Tengo cicatrices de risas en la espalda

Usted cree que pienso con el poto

Y que al primer parrillazo de la CNI

Lo iba a soltar todo

No sabe que la hombría

Nunca la aprendí en los cuarteles

Mi hombría me la enseñó la noche

Detrás de un poste

Esa hombría de la que usted se jacta

Se la metieron en el regimiento

Un milico asesino

De esos que aún están en el poder

Mi hombría no la recibí del partido

Porque me rechazaron con risitas

Muchas veces

Mi hombría la aprendí participando

En la dura de esos años

Y se rieron de mi voz amariconada

Gritando: Y va a caer, y va a caer

Y aunque usted grita como hombre

No ha conseguido que se vaya

Mi hombría fue la mordaza

No fue ir al estadio

Y agarrarme a combos por el Colo Colo

El fútbol es otra homosexualidad tapada

Como el box, la política y el vino

Mi hombría fue morderme las burlas

Comer rabia para no matar a todo el mundo

Mi hombría es aceptarme diferente

Ser cobarde es mucho más duro

Yo no pongo la otra mejilla

Pongo el culo compañero

Y ésa es mi venganza

Mi hombría espera paciente

Que los machos se hagan viejos

Porque a esta altura del partido

La izquierda tranza su culo lacio

En el parlamento

Mi hombría fue difícil

Por eso a este tren no me subo

Sin saber dónde va

Yo no voy a cambiar por el marxismo

Que me rechazó tantas veces

No necesito cambiar

Soy más subversivo que usted

No voy a cambiar solamente

Porque los pobres y los ricos

A otro perro con ese hueso

Tampoco porque el capitalismo es injusto

En Nueva York los maricas se besan en la calle

Pero esa parte se la dejo a usted

Que tanto le interesa

Que la revolución no se pudra del todo

A usted le doy este mensaje

Y no es por mí

Yo estoy viejo

Y su utopía es para las generaciones futuras

Hay tantos niños que van a nacer

Con una alíta rota

Y yo quiero que vuelen compañero

Que su revolución

Les dé un pedazo de cielo rojo

Para que puedan volar.

 

*Por Pedro Lemebel. Este texto fue leído como intervención en un acto político de la izquierda en septiembre de 1986, en Santiago de Chile.

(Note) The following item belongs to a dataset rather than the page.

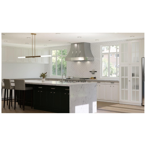 Designed for those passionate about gourmet cooking, the Oristano range hood is available in 36" and 48" widths. It can be equipped with a 600 or 1200 CFM blower, soft LED lighting, and Elica's patented HUSH sound suppression system, ensuring you can cook and converse comfortably. Built with Italian craftsmanship and precision, this range hood features flawless, seamless welding and superior fit and finish. The patented Easy Mounting system allows installation in just six steps, with the option for rear wall ducting.

**La foto muestra a la directora, quien pasara los últimos doce años junto a Pedro Lemebel, desarrollando una gran amistad hasta su muerte. Filmándolo, por pedido expreso del propio escritor, hasta las últimas horas de su vida. El momento de la charla con el público resultó emotivo por la mención y el apoyo a la lucha del pueblo chileno por sus derechos, lucha que continúa y que es el legado más importante de Pedro Lemebel.